The winds blowing 15 miles or even farther off the U.S. coasts potentially could produce 900,000 megawatts of electricity, or roughly the same amount as nearly all the nation's existing power sources combined, according to Department of Energy estimates.

Being able to double power output should help, don't you think?
 
During the period in which financial support for solar energy was growing and a "windfall tax" on the profits of the oil industry was imposed, the proponents of big oil were gathering their own resources on Capitol Hill. Political action committees (PACs) that were affiliated with oil and gas interests began to sprout and, from 1977 to 1979, they contributed over $2.6 million to House and Senate candidates. A report by Alan Berlow and Laura Weiss in Congressional Quarterly concluded that most of the money went to candidates "with strong pro-industry voting." Support for alternative energy took a downward spiral when Ronald Reagan (a former spokesperson for General Electric) was elected U.S. president and became a staunch ally of corporate America.

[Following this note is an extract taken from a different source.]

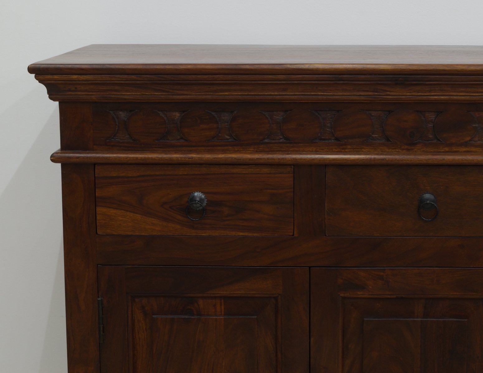 Pojemna komoda kolonialna w stylu klasycznym. Jest to solidnie wykonany mebel, który ze względu na swoją trwałość oraz klasyczny ton sprawdzi się w każdym eleganckim wnętrzu. Komoda została stworzona w 100% z litego drewna palisandru indyjskiego, zwyczajowo zwanego drzewem różanym. Posiada on charakterystyczne słoje, widoczne na każdej płaszczyźnie tego mebla. Całość wybarwiono na ciemnobrązowy kolor. Posiada cztery pojemne wnęki oraz osiem szuflad. Charakterystyczny dla tej komody jest rzeźbiony ornament, umieszczony tuż pod frezowanym wieńcem blatu.

By the late 1970s, oil companies had bought out many of the patents for photovoltaic cells, and corporate giants like Atlantic Richfield, Amoco, Exxon, and Mobil took control of solar power companies. This trend would lead Alfred Dougherty, former director of the Federal Trade Commission's bureau of competition to warn, "If the oil companies control substantial amounts of substitute fuels ... they may slow the pace of production of alternative fuels in order to protect the value of their oil and gas reserves." Edwin Rothschild, a spokesperson for the Citizen Energy Labor Coalition, was concerned that the big oil companies "see solar power as a competing source of energy, and they want to control it and slow it down." However, ownership of solar technology by big oil was only the first step in the methodical dismantling of the alternative energy renaissance.

Source: http://findarticles.com/p/articles/mi_m1374/is_5_60/ai_65133031

We are hearing today even "alternatives are still a long way off". No, they're not. They haven't been for decades. And you're not fooling us anymore.

Bring our troops home.
 
"Competing sources of energy...they want to control it, slow it down..."

We're supposed to buy that installing solar panels, wind turbines or putting a pipe into a thermal vent is some futuristic sci-fi fantasy that needs to be bridged-over to.

But expensive, complex offshore oil rigs in numbers, in rough seas? Lots of risky superstructure nuclear plants?

Yeah, we can get those up next week.. :cool:

Imagine if the money spent by the U.S. government on foreign aid and by oil corporations on fossil fuel exploration were invested on the development of alternative fuels. Apparently loyalty to fossil fuels is too deep. According to a recent analysis by the Congressional Research Service, reported in the March/April issue of Mother Jones, seventy-seven cents of every energy research dollar from 1973 to 1997 went to nuclear and fossil fuels; just fourteen cents went to alternative energy.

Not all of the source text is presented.